I'm sure many were wondering what the end result ended up being in the Margaret Garner case. I researched and found that Margaret and her husband were taken into custody and tried in what became one of the longest fugitive slave trials in history. "During the two week trial, abolitionist and lawyer, John Jolliffe, argued that Margaret’s trips to free territory in Cincinnati entitled her and her children to freedom. Although Jolliffe provided compelling arguments, the judge denied the Garners’ plea for freedom and returned them to Gaines. In a bid to gain freedom for Margaret and her children, Jolliffe convinced officials to arrest Margaret on the charge of murdering her daughter. Joliffe surmised that with a murder trail, Margaret would have another chance for freedom. Gaines caught on to Jolliffe’s plan and relocated the Garners to several different plantations before finally selling them to his brother in Arkansas.
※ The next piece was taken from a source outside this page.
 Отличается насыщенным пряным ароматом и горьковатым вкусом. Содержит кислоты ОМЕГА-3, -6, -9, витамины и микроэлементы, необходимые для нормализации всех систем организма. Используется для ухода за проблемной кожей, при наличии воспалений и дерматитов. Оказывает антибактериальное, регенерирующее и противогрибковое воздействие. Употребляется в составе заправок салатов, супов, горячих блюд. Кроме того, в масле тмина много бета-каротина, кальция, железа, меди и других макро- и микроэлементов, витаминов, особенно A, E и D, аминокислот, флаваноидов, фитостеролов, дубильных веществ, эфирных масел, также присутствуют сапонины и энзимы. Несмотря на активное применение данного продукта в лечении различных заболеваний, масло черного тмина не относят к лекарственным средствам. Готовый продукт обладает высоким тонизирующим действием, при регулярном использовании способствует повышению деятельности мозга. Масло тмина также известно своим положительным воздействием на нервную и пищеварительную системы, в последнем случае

As a result, federal marshals were not able to serve Margaret with an arrest warrant and she never received a second trial. Margaret Garner died in 1858 from a typhoid epidemic."
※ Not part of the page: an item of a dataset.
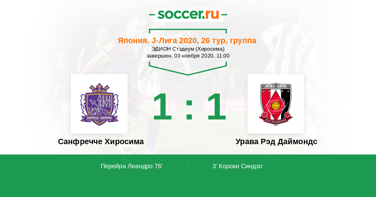 Санфречче Хиросима - Урава Рэд Даймондс: обзор матча 3 ноября 2020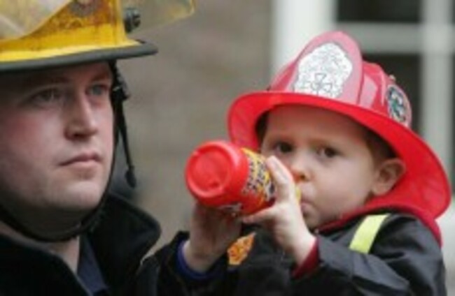 Glen Delves with his two-year-old son Caden at a protest outside the Dáil, organised by the Irish Fire and Emergency Service Association, to highlight the "huge levels of wastage" in the fire service and the level of cutbacks which are taking place. Eamonn Farrell/Photocall Ireland

Steven Weisenburger, Modern Madea: A Family Story of Slavery and Child-Murder from the Old South. New York: Hill and Wang, 1998; Weisenburger, Steven, “A Historical Margaret Garner,” http://www.motopera.org/mg_ed/educational/HS_HistoricalMGarner.html (accessed November 25, 2007).
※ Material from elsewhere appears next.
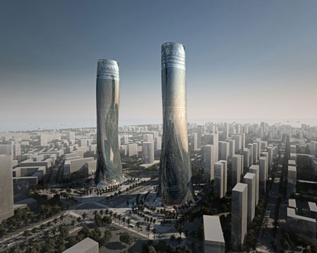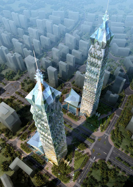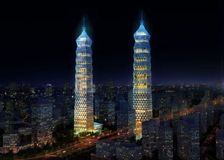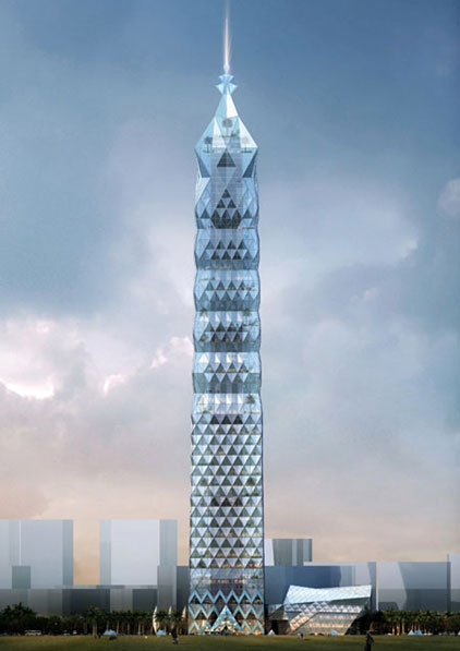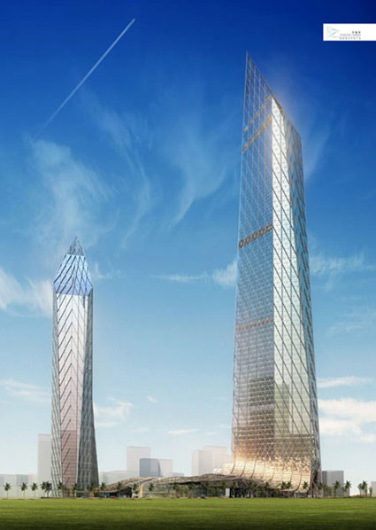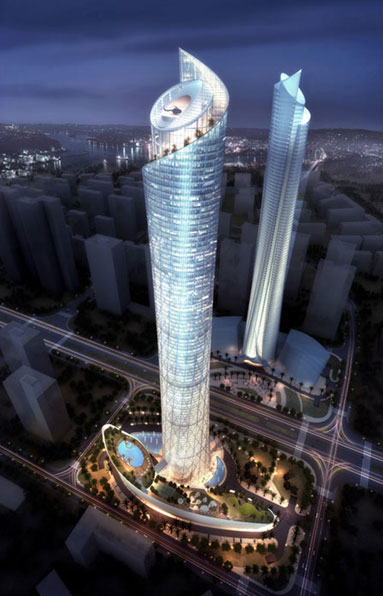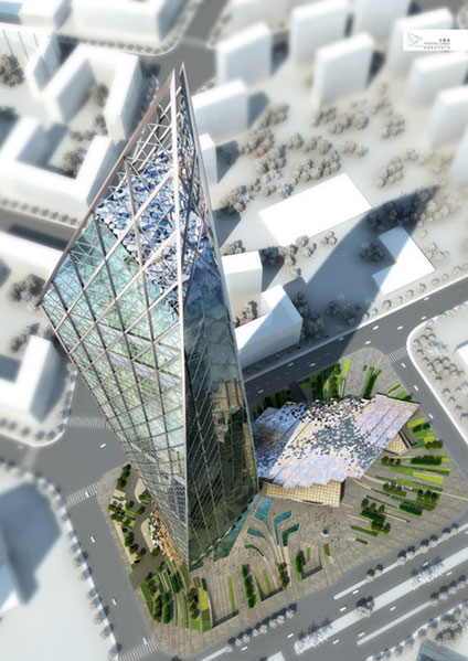 创意:大厦优雅的曲线与弧线的造型犹如含苞欲放的花朵,其整体外型是直接反应建筑功能需求下所创造的成果——经由变化楼板的型态來回应不同使用功能的需求。扩大的塔楼底部的轮廓形状提供了一系列富于变化的办公与酒店入口大堂。

Margaret's willingness to go to jail rather than to return back to her owners shows us again how desperate she was to escape the horrors of slavery. In the novel Morrison made plain to us the many absurdities that took place during slavery. Because of this we can empathize with Sethe and try not to judge her actions. She did what she felt was best for her and her children She did not want them to undergo the torture that she witnessed and experienced, and attempted to provide a better alternative; which was death.